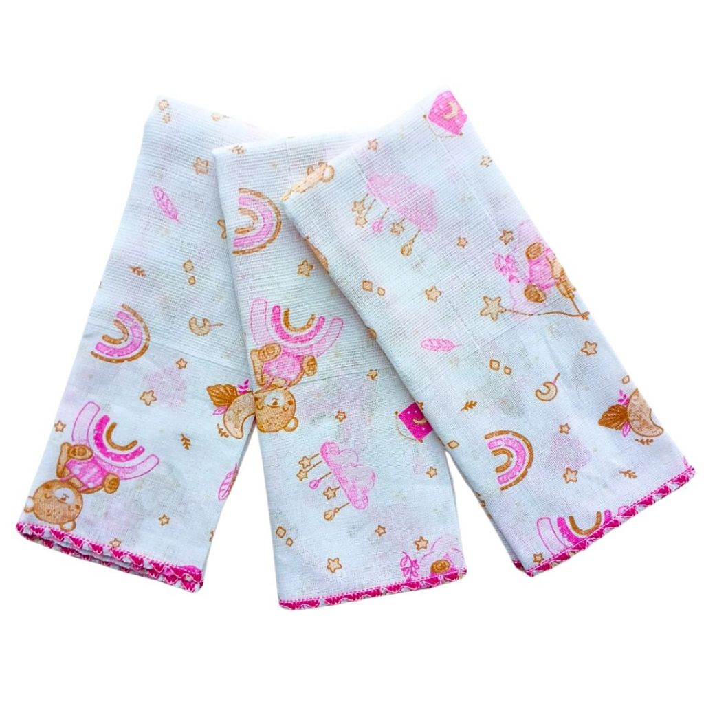 Paninho de Boca Pano Fralda Enxoval Maternidade Higiene Macio 100% Algodão 3 un Menina e Menino
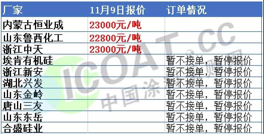據涂料采購網了解,9-11月為有機硅行業傳統旺季。從需求端來看,有機硅終端產品主要是硅橡膠(占比約66%)和硅油(占比約22%),硅橡膠需求以地產家居為主,硅油可應用于紡織助劑及公共衛生醫療等領域。漲價主要考慮海外公共衛生事件使國外有機硅生產受到較強沖擊導致整體開工率較低,同時下游需求旺盛所致,國道康寧、法國埃肯等有機硅中間體廠家降負運行,因此需求進入國內。成本端甲醇、氯甲烷、金屬硅價格均較為堅挺。
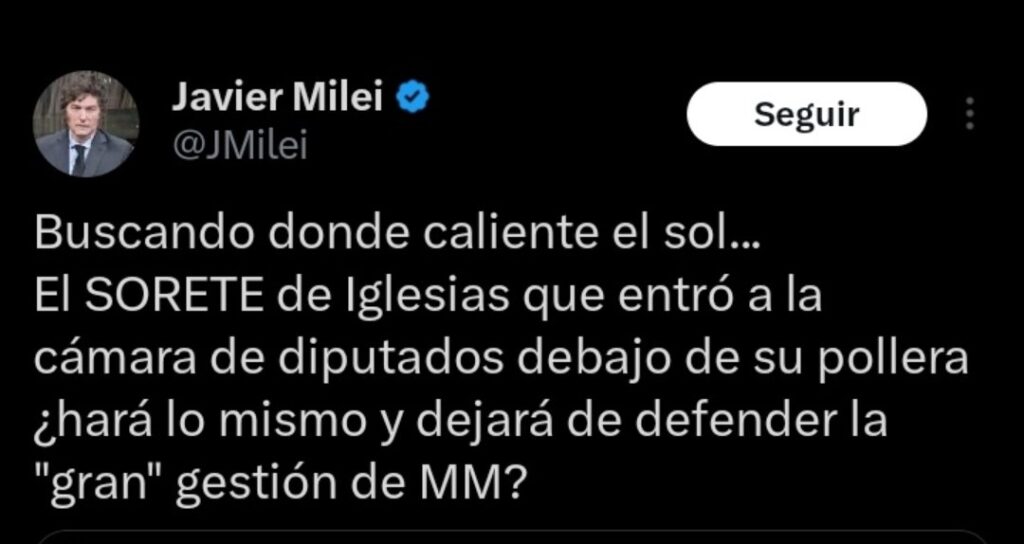Corría el año 2022, cuando Milei, aún en su fase de economista disruptivo, compilaba un “ranking de insultos” que incluía a Iglesias entre sus blancos favoritos. Lo tildaba de todo: desde “bobito” hasta “pedazo de pelotudo”, en una catarata verbal que reflejaba las internas del PRO y el rechazo libertario a la “casta” tradicional. Iglesias, por entonces un diputado macrista con perfil combativo, era visto como parte de ese establishment que Milei prometía dinamitar.

—————

Return the data verbatim, leaving out the pictures it holds.

 Paninho de Boca Pano Fralda Enxoval Maternidade Higiene Macio 100% Algodão 3 un Menina e Menino
據涂料采購網了解,9-11月為有機硅行業傳統旺季。從需求端來看,有機硅終端產品主要是硅橡膠(占比約66%)和硅油(占比約22%),硅橡膠需求以地產家居為主,硅油可應用于紡織助劑及公共衛生醫療等領域。漲價主要考慮海外公共衛生事件使國外有機硅生產受到較強沖擊導致整體開工率較低,同時下游需求旺盛所致,國道康寧、法國埃肯等有機硅中間體廠家降負運行,因此需求進入國內。成本端甲醇、氯甲烷、金屬硅價格均較為堅挺。
Corría el año 2022, cuando Milei, aún en su fase de economista disruptivo, compilaba un “ranking de insultos” que incluía a Iglesias entre sus blancos favoritos. Lo tildaba de todo: desde “bobito” hasta “pedazo de pelotudo”, en una catarata verbal que reflejaba las internas del PRO y el rechazo libertario a la “casta” tradicional. Iglesias, por entonces un diputado macrista con perfil combativo, era visto como parte de ese establishment que Milei prometía dinamitar.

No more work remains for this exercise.